▶ _Exercise instructions_
Please print the entries below exactly, from the line with "SBS 신들린 연애 공식" through the line with "Rumah Type 30/60", including both of those lines and leaving out all others.

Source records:
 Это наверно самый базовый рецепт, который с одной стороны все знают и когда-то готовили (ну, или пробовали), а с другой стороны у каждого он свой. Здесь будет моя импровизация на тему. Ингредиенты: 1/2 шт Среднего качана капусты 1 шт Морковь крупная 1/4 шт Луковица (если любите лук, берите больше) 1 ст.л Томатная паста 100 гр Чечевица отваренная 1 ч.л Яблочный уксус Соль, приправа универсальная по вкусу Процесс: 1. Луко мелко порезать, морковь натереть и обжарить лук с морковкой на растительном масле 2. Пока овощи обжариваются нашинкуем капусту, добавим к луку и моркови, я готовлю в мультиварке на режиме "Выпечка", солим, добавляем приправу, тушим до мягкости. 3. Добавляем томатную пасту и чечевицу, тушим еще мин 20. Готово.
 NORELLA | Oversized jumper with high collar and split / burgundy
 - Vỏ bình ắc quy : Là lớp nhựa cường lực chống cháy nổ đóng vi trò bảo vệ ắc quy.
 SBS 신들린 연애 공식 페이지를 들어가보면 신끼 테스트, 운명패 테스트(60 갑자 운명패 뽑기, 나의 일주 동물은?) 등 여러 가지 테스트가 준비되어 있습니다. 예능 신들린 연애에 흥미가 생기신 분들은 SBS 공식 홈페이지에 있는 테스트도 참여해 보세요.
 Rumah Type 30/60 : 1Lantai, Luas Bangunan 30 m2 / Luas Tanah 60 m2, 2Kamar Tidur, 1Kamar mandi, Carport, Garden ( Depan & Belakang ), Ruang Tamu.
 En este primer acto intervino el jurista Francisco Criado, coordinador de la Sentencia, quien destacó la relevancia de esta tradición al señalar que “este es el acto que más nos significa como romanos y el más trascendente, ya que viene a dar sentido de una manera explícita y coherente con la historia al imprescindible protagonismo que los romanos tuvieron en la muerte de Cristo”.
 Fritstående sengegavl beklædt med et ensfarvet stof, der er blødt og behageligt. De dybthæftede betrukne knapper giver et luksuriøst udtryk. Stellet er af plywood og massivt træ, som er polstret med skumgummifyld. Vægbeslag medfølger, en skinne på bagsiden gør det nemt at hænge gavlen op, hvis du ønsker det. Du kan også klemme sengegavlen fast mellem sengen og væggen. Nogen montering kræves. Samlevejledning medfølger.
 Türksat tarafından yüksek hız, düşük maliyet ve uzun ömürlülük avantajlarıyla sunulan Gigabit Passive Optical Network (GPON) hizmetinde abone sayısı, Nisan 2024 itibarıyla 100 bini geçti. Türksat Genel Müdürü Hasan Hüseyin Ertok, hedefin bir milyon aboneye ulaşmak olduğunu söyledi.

▶ _Task response_
 SBS 신들린 연애 공식 페이지를 들어가보면 신끼 테스트, 운명패 테스트(60 갑자 운명패 뽑기, 나의 일주 동물은?) 등 여러 가지 테스트가 준비되어 있습니다. 예능 신들린 연애에 흥미가 생기신 분들은 SBS 공식 홈페이지에 있는 테스트도 참여해 보세요.
 Rumah Type 30/60 : 1Lantai, Luas Bangunan 30 m2 / Luas Tanah 60 m2, 2Kamar Tidur, 1Kamar mandi, Carport, Garden ( Depan & Belakang ), Ruang Tamu.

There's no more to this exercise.